The researchers were also able to show the following regarding the activation mechanism of the TRPC channels: Ca2+ (Calcium ions (Ca2+)) must be released in direct vicinity of the TRPC channel in order to stimulate them. “Even if the activation can theoretically take place without direct interaction between the  Ca2+-releasing receptor and the TRPC channel, the naturally selected complex formation between both likely serves to make signalling transmission more reliable,” elaborates Fakler. “Activation is also spatially limited and signalling transmission accelerated.”


Factual overview:

  • Original publications:  
    • Kocylowski MK, Aypek H, Bildl W, Helmstädter M, Trachte P, Dumoulin B, Wittösch S, Kühne L, Aukschun U, Teetzen C, Kretz O, Gaal B, Kulik A, Antignac C, Mollet G, Köttgen A, Göcmen B, Schwenk J, Schulte U, Huber TB, Fakler B, Grahammer F. A (2022): A Slit-diaphragm-associated protein network for dynamic control of renal filtration. In: Nature Communications. DOI:
    • Kollewe A, Schwarz Y, Oleinikov K, Raza A, Haupt A, Wartenberg P, Wyatt A, Boehm U, Ectors F, Bildl W, Zolles G, Schulte U, Bruns D, Flockerzi V, Fakler B (2022). Subunit composition, molecular environment, and activation of native TRPC channels encoded by their interactomes. In: Neuron. DOI:
  • Since 2001, Falker has been the head of Department II of the Institute of Physiology of the Faculty of Medicine of the University of Freiburg.

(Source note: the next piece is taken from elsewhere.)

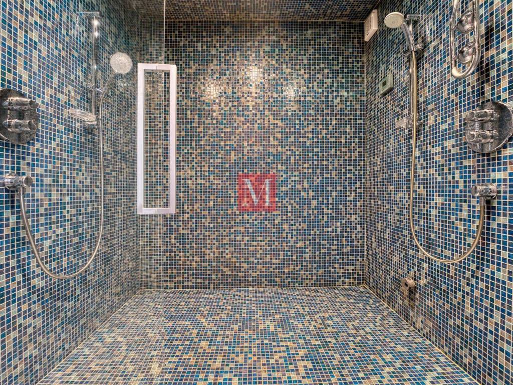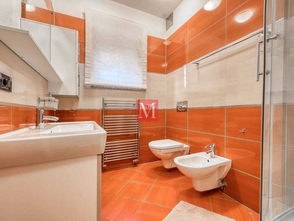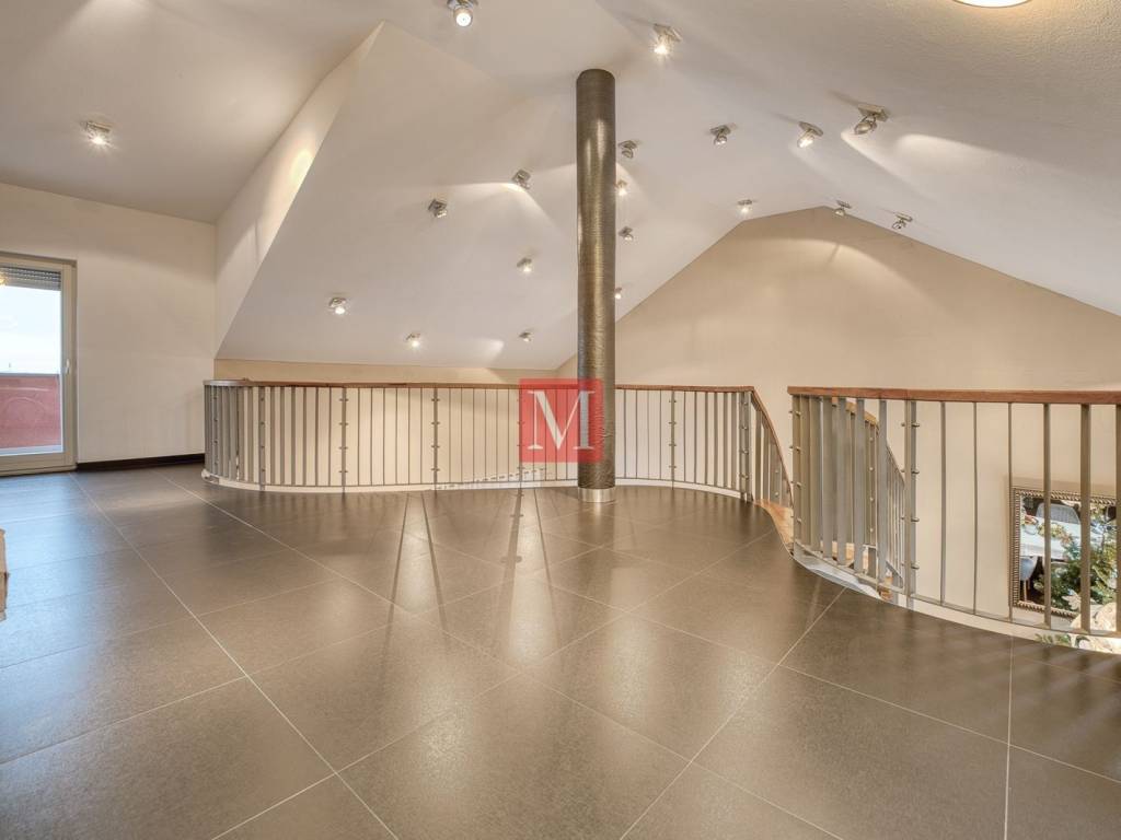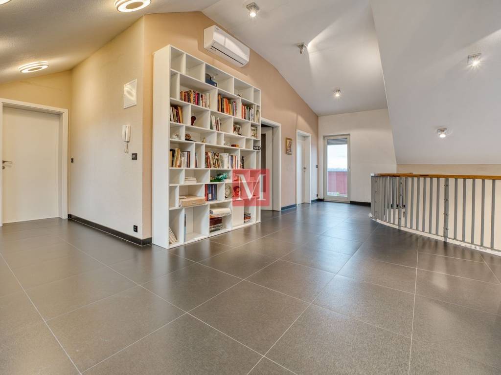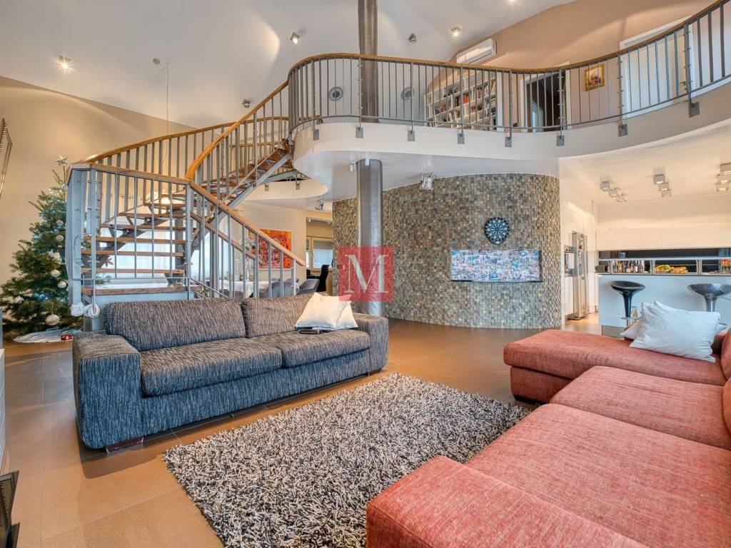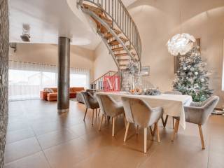 1st floor (lower floor of the duplex apartment) entrance hall, guest toilet, large open-space living room connected to the kitchen and dining room with access to the terrace and a large walk-in closet that separates the master bedroom with a large private bathroom from the previous one;

  • Fakler’s research is focused in particular on molecular organization and function of the rapid signal transduction at the cell membrane, proteomic analysis of membrane proteins, and the structural and functional analysis of ion channels and G protein-coupled receptors.
  • He is a member of the Cluster of Excellence, the CIBSS – Centre for Integrative Biological Signalling Studies and of the  BIOSS – Centre for Biological Signalling Studies.
  • Fakler was the spokesperson for Collaborative Research Center 746, which examined functional specificity by coupling and modification of proteins until its work was successfully concluded in 2018.